START RECORD SET

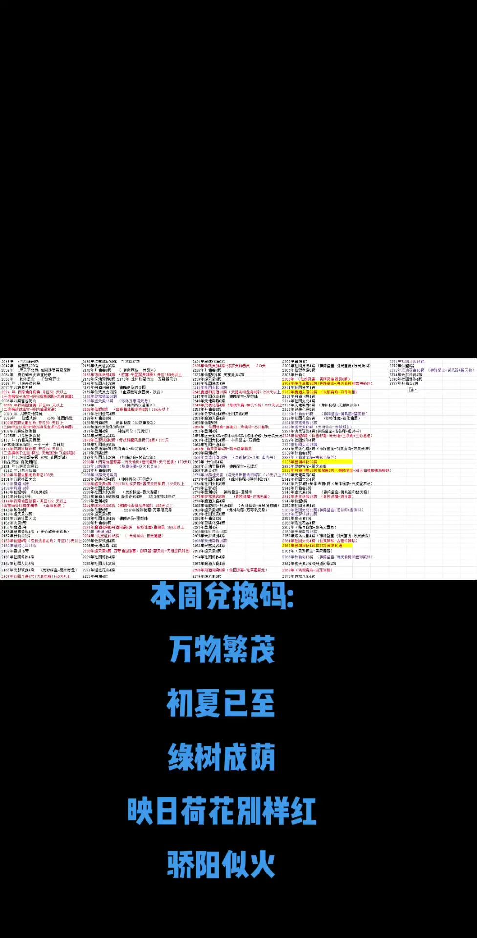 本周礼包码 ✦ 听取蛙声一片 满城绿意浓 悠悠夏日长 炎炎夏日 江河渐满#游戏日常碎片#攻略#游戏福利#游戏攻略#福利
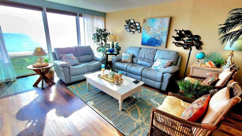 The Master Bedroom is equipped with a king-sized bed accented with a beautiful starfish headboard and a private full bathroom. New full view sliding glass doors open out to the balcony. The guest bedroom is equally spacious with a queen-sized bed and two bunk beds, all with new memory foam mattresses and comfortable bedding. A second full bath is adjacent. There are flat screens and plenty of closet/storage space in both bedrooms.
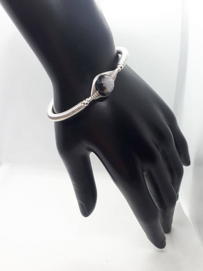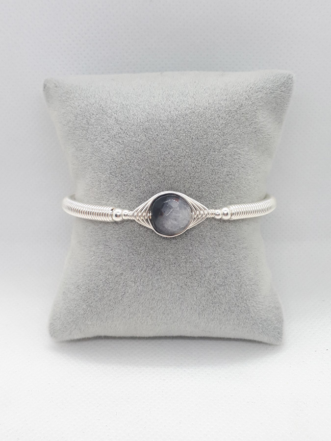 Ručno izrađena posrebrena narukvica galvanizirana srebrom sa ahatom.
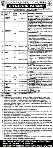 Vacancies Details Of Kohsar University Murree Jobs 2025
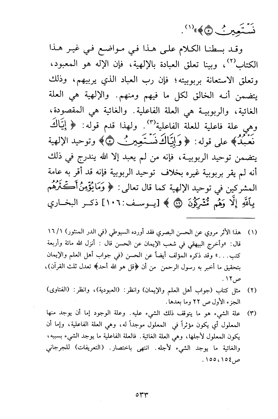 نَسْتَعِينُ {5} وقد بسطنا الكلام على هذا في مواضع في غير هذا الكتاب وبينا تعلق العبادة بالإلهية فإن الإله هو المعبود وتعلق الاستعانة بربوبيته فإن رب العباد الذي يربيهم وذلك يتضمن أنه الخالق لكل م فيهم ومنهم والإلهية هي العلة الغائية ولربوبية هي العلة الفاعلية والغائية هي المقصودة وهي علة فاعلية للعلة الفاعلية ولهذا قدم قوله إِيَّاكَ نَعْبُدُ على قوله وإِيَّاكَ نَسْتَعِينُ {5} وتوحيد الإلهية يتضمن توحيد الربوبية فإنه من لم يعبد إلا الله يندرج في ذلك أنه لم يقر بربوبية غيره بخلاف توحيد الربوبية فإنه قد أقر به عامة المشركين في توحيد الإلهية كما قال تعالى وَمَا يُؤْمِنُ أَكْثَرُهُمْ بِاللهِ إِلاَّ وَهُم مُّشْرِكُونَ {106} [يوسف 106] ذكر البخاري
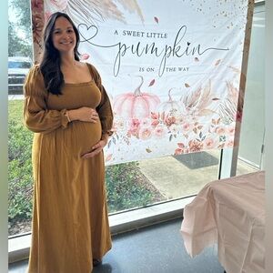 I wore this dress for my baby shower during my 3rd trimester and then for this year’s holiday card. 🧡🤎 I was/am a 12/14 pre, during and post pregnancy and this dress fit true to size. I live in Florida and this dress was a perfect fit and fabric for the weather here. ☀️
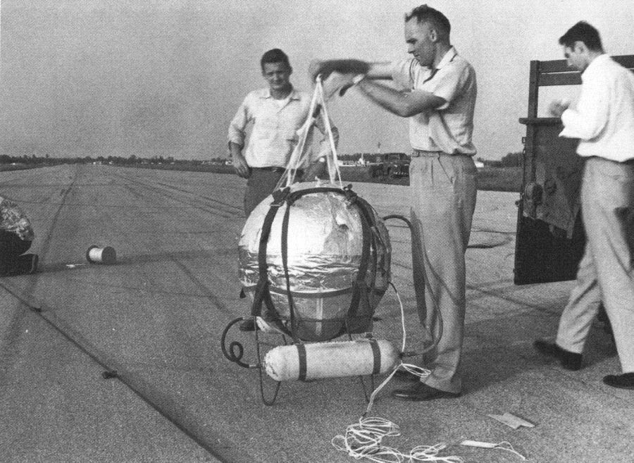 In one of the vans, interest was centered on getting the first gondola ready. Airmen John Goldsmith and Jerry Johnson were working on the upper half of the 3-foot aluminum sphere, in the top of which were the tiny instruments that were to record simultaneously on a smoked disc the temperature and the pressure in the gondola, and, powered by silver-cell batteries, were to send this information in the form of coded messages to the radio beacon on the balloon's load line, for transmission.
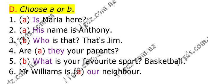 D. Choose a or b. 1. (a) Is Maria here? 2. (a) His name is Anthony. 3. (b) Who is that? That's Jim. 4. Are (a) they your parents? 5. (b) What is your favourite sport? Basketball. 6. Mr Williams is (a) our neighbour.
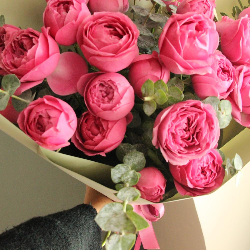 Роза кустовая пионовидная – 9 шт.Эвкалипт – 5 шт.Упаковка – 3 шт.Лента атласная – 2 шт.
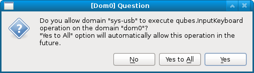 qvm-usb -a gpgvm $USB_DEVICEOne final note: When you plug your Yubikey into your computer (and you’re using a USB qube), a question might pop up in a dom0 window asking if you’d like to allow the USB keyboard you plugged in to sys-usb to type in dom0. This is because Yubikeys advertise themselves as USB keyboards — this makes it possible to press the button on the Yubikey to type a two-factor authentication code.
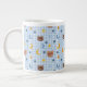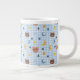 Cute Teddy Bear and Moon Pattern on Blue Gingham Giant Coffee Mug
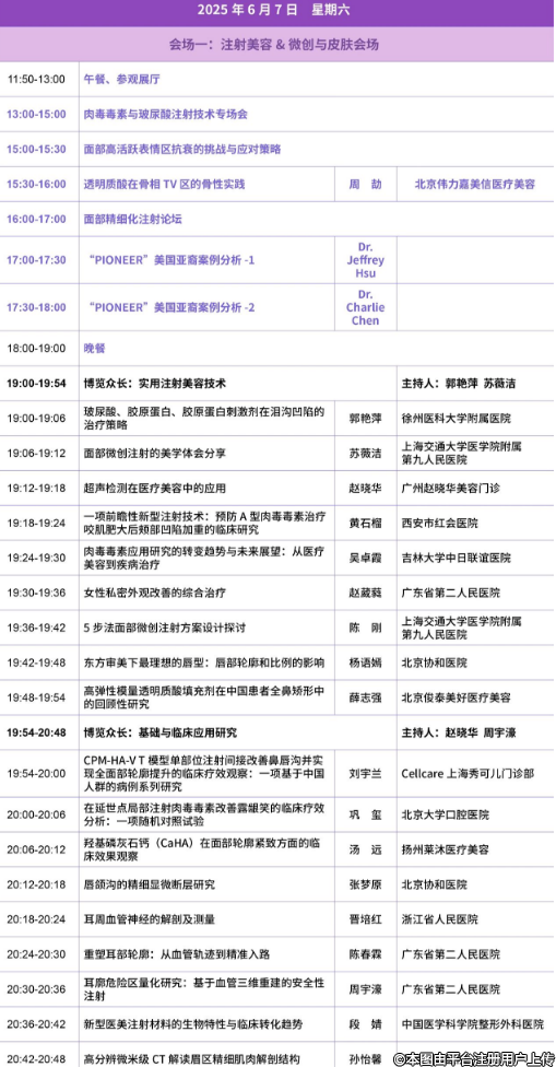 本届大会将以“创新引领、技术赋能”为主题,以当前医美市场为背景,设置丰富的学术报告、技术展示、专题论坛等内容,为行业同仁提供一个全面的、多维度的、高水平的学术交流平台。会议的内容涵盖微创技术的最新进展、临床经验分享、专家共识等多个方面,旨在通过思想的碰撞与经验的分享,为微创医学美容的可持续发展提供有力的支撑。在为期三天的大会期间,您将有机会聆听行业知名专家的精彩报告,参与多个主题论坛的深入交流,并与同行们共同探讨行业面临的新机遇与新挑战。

END RECORD SET
START RECORD SET

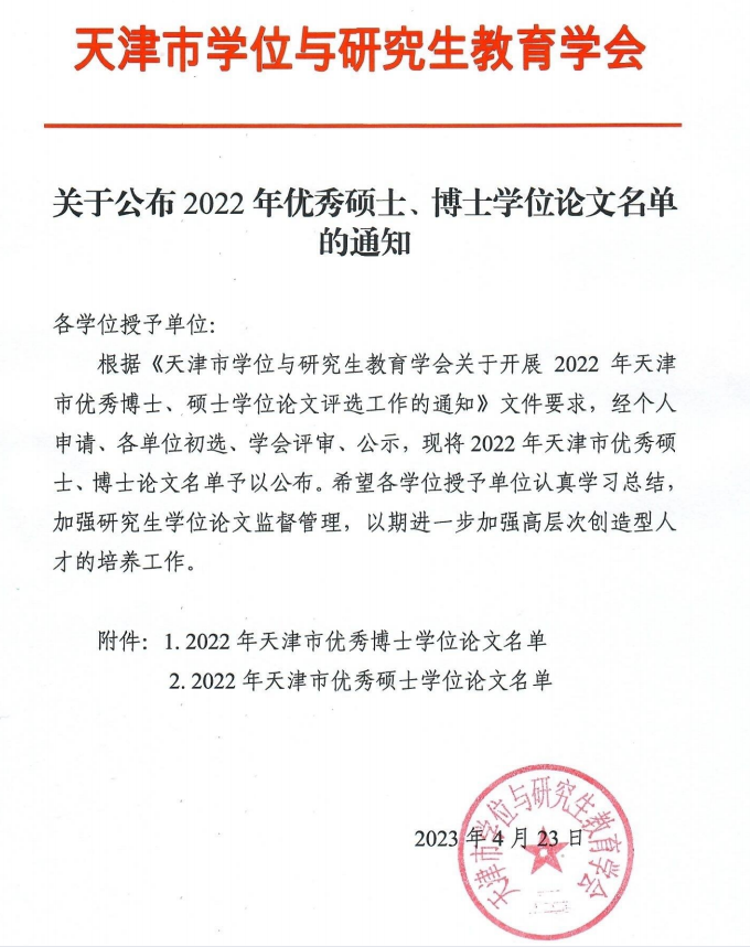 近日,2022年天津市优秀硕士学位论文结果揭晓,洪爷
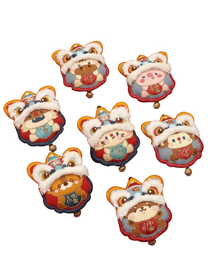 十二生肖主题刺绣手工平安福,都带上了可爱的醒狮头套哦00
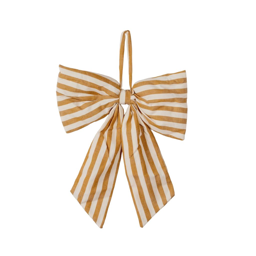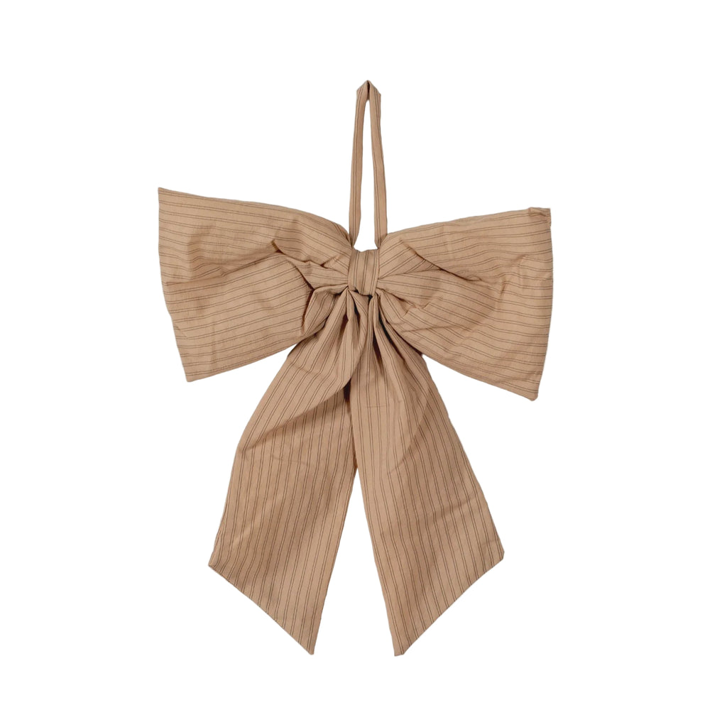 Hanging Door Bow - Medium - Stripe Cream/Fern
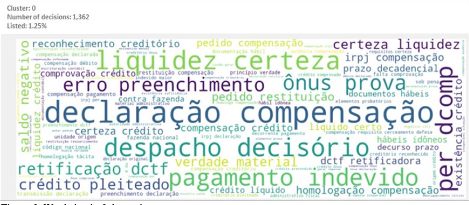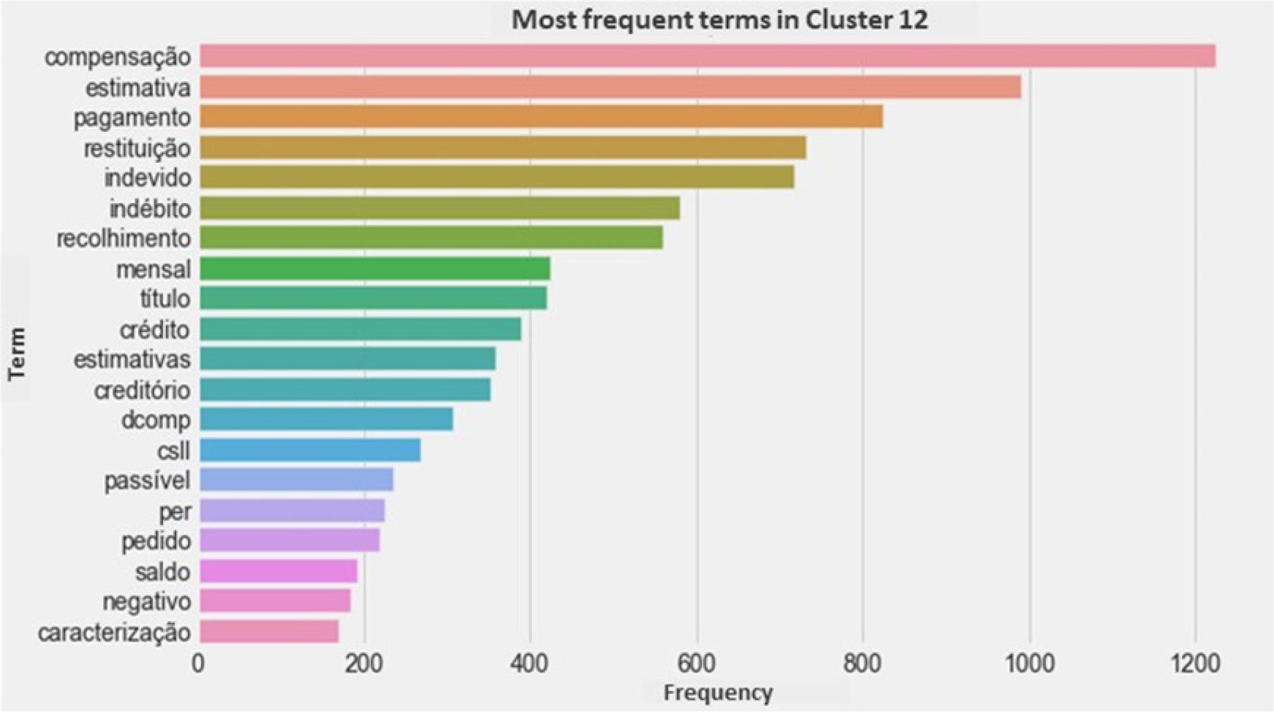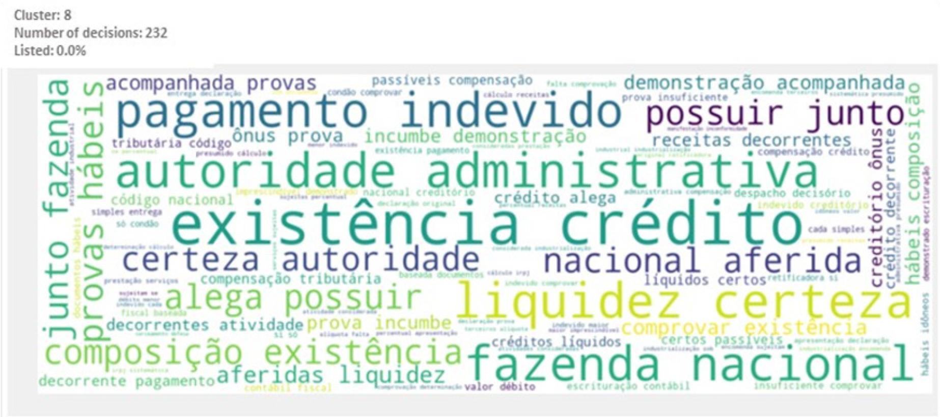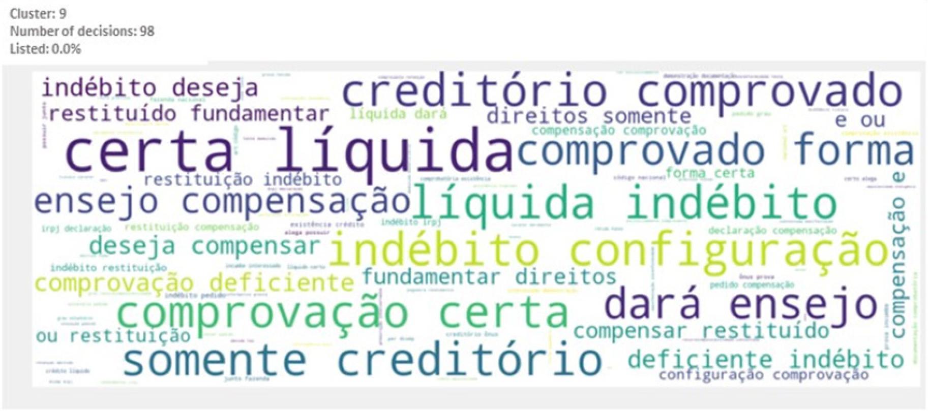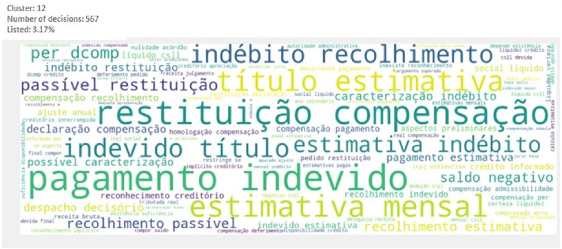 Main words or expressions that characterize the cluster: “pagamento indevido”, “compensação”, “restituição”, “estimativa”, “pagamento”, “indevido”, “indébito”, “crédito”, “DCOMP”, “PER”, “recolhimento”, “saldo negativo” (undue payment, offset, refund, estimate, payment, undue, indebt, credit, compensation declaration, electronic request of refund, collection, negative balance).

END RECORD SET

TASK BRIEF:
Pictures are to be left out. Write out only the lines above starting at the one with "本周礼包码 ✦ 听取蛙声一片" and ending at the one with "Vacancies Details Of", both lines included, exactly.

ANSWER TO THIS TASK:
 本周礼包码 ✦ 听取蛙声一片 满城绿意浓 悠悠夏日长 炎炎夏日 江河渐满#游戏日常碎片#攻略#游戏福利#游戏攻略#福利
 The Master Bedroom is equipped with a king-sized bed accented with a beautiful starfish headboard and a private full bathroom. New full view sliding glass doors open out to the balcony. The guest bedroom is equally spacious with a queen-sized bed and two bunk beds, all with new memory foam mattresses and comfortable bedding. A second full bath is adjacent. There are flat screens and plenty of closet/storage space in both bedrooms.
 Ručno izrađena posrebrena narukvica galvanizirana srebrom sa ahatom.
 Vacancies Details Of Kohsar University Murree Jobs 2025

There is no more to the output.